At the end of a long day working in Hell’s Kitchen, N.Y.P.D. detective Max Payne returns to find his home being ransacked by armed junkies. High on a new designer drug called Valkyr, they open fire on the cop, who stumbles over the dead bodies of his wife and newborn daughter. Killing the murderers doesn’t quench Payne’s thirst for revenge, and he sets out to find the sources of Valkyr and make them pay.
It sounds like the setup for a movie—and it is, now. Max Payne will be released in 2009, courtesy of 20th Century Fox, with Mark Wahlberg in the starring role. But the story didn’t start as a screenplay; it debuted seven years ago as the plot of a videogame and spawned two interactive sequels before making it to movie theaters.
Since its earliest days, the videogame industry has been enamored of Hollywood, and with turning big-screen stories into interactive worlds—with a range of success. Atari’s E.T. game is said to have ushered in the videogame industry crash of 1983, but blockbuster franchises have come out of Harry Potter, Shrek, and Lord of the Rings. More recently, Hollywood has been mining videogames (and their huge male fan base) for box office gold. The results have been just as mixed.
Few games have translated well to film,” says Michael Pachter, videogame analyst for Wedbush Morgan Securities, in New York. “Doom was a flop, as were the second Mortal Kombat and Super Mario Bros. movies. Resident Evil has done well, as have the Lara Croft films, so I’d say it’s hit and miss.”
Now, some of the people behind Max Payne are trying to change that. In June 2007, Hollywood producer Scott Faye, owner of Depth Entertainment; Scott Miller, also head of game developer 3D Realms; and Jim Perkins, former C.E.O. of game developer-publisher Arush Entertainment, formed Radar Group. Rather than creating a game, then licensing it as a film, or vice versa, Radar will cultivate story lines—“storyverses” in company parlance—that transcend any one medium, whether linear or interactive. From there, they can spin out movies, videogames, comic books, and anything else that might emerge.
I think that because we’re starting at the outset, both cultures will have an incredibly solid foundation for an ongoing evergreen franchise,” says Faye.
In addition to Max Payne, Perkins and Miller have helped develop highly successful game franchises including Duke Nukem, Prey, Doom, Blood, and Shadow Warrior. Together, their games have sold more than 35 million units globally. The pair have also founded, expanded, and sold three successful publishing companies—Arush Entertainment, to a foreign-distribution company in 2004; Gathering of Developers, to Take-Two Interactive in 2000; and FormGen, to GT Interactive in 1996—generating a combined $1.5 billion.
They’ve invested some of those proceeds into Radar, which has three games in development: Earth No More, an environmental-disaster action story; Prey 2, an alien-invasion game with a Native American protagonist; and Incarnate, a horror story in which evil must be hunted down and imprisoned (and whose concept came from Hollywood screenwriter Frank Hannah, who wrote The Cooler).
Usually, a movie based on a game gets green-lit only after the game has been released and built an audience. But Depth Entertainment is already shopping Radar’s stories around to studios—even though the games are still a few years away from hitting shelves. Merchandising and expanding an intellectual property from the get-go has been a long-standing Hollywood strategy, but the concept is still new in the game business, where all the focus generally remains on creating the game.

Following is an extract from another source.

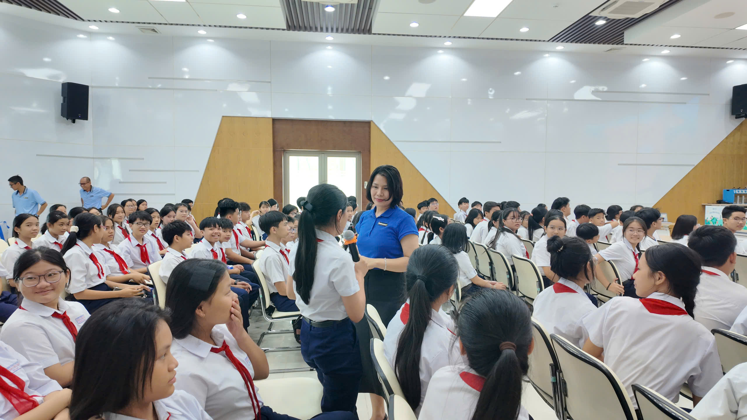 Mỗi ngôi trường tham gia đều mang đến tinh thần học tập tích cực và sự hào hứng rõ nét. Ngay từ những bước chân đầu tiên tới Nhà máy, các em đã được trải nghiệm chuỗi hoạt động đa dạng: tham gia chương trình tại hội trường, trực tiếp thực hành thí nghiệm xử lý nước, cho đến tham quan thực tế quy trình sản xuất nước sạch. Nội dung bài giảng được xây dựng công phu, kết hợp với hình ảnh và video minh họa sinh động, được các giảng viên truyền tải một cách rõ ràng, dễ hiểu, giúp các em tiếp cận kiến thức một cách trực quan và hiệu quả.

The typical game developer turns to a publisher to cover the costs of producing a game and subsequently surrenders ownership of that property. Once the game recoups the publisher’s loan, the developer begins to earn royalties. Radar is instead taking original ideas, partnering each with a game developer—it will work only with independent shops like Human Head Studios and Recoil Games—and then cutting distribution deals with publishers. The startup is working with retained adviser Gallipo Group, a new videogame venture-capital company, and expects to have $90 million in funding by this May.
By 2011, Radar plans on releasing three or four games per year, with eight to 12 projects in development at any one time. The franchises are expected to launch on PC, Xbox 360, and PlayStation 3 platforms and gradually expand to Wii, Nintendo DS, and PSP.
One thing the company principals won’t ever do is license a Hollywood property. They’ll leave that task to companies like Brash Entertainment, which is sinking all of its funding into movie properties like Saw, Speed Racer, and Space Chimps. Miller believes that’s a doomed enterprise. But without a Hollywood association to fall back on, Radar’s games will have to be stellar to win over fans.
Coming soon to a theater near you? If the story’s good enough, yes.